Decisão seguiu entendimento de que medicamentos para obesidade não se enquadram nas exceções legais de custeio pelo plano.
O juiz de Direito Gabriel Baldi de Carvalho, da 3ª vara Cível de Limeira/SP, julgou improcedente o pedido de uma beneficiária que buscava o fornecimento dos medicamentos Mounjaro ou Ozempic para o tratamento de obesidade mórbida, além do reembolso de R$ 17,5 mil gastos com a terapia. A decisão fundamentou-se no entendimento de que os fármacos são de uso domiciliar, hipótese excluída da cobertura obrigatória pela legislação e pelo contrato firmado entre as partes, não tendo sido comprovada, no caso concreto, situação excepcional que justificasse o custeio.
A autora da ação relatou que tratamentos anteriores para o seu quadro não apresentaram a eficácia esperada. Por essa razão, seu médico prescreveu a administração semanal de tirzepatida, comercializada como Mounjaro ou Zepbound, ou de semaglutida, conhecida como Ozempic.
A beneficiária sustentou que a negativa da operadora de plano de saúde era abusiva, pleiteando o fornecimento da medicação e dos insumos, bem como o ressarcimento de R$ 17.598, valor que afirmou ter desembolsado para custear o tratamento por conta própria.

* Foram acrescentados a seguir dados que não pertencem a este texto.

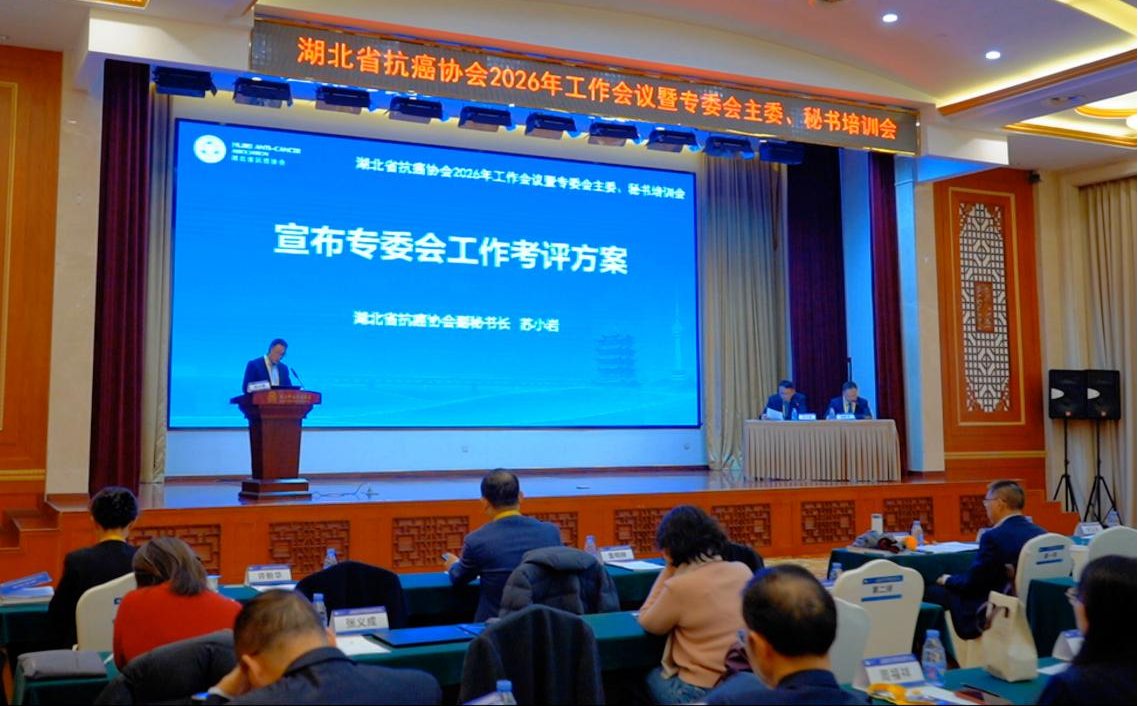 2026年2月6日,湖北省抗癌协会2026年工作会暨专委会主委、秘书培训会在武汉顺利召开。会议以规范专委会管理、明晰年度工作方向为核心,设置现场汇报、专业评审、工作部署等环节,协会领导、评委专家及各专委会主委、秘书参会。会议由协会组织部长吴东德、学术部长梁新军主持。湖北省医评办社团组织部主任、湖北省抗癌协会党建指导员陆泓主任出席会议。

Em sua defesa, a operadora argumentou pela regularidade da negativa, reiterando que a legislação e o contrato excluem a cobertura de medicamentos de uso domiciliar e de tratamentos voltados ao emagrecimento estético.
A empresa também invocou a taxatividade do rol da ANS e contestou o pedido de ressarcimento financeiro. Durante o trâmite processual, o juízo inverteu o ônus da prova e determinou a elaboração de uma nota técnica pelo NATJUS (Núcleo de Apoio Técnico do Poder Judiciário).
Ao analisar o mérito, o magistrado reconheceu que a relação entre as partes é regida pelo Código de Defesa do Consumidor (CDC), conforme a súmula 608 do STJ. Ressaltou, contudo, que a aplicação das normas consumeristas não invalida os limites estabelecidos pela lei 9.656/98 e pelo contrato do plano de saúde.
Segundo o juiz, como a tirzepatida e a semaglutida são aplicadas pela própria paciente, fora de ambiente hospitalar ou ambulatorial, elas se caracterizam como medicamentos de uso domiciliar. O magistrado destacou que o art. 10, inciso VI, da lei 9.656/98 exclui da cobertura obrigatória o fornecimento de medicamentos para tratamento domiciliar.
A sentença pontuou que as exceções legais abrangem apenas tratamentos antineoplásicos orais e aqueles administrados em regime de internação domiciliar, hipóteses nas quais o caso da autora não se enquadrava.
Além disso, o juiz considerou os critérios da lei 14.454/22 para a cobertura de tratamentos não incluídos no rol da ANS, que exige a demonstração da eficácia à luz da medicina baseada em evidências.
No caso em tela, a Nota Técnica 2.463/26 do NATJUS/SP foi desfavorável ao fornecimento. Ao avaliar a semaglutida, o órgão apontou a ausência de evidências clínicas robustas que demonstrassem vantagem indispensável do medicamento para o tratamento da autora, além da inexistência de indicação excepcional comprovada.
Intimada a se manifestar sobre a conclusão técnica, a beneficiária não apresentou elementos capazes de afastá-la. Diante disso, o juiz considerou lícita a negativa da operadora e rejeitou o pedido de reembolso, por não reconhecer ato ilícito ou descumprimento contratual.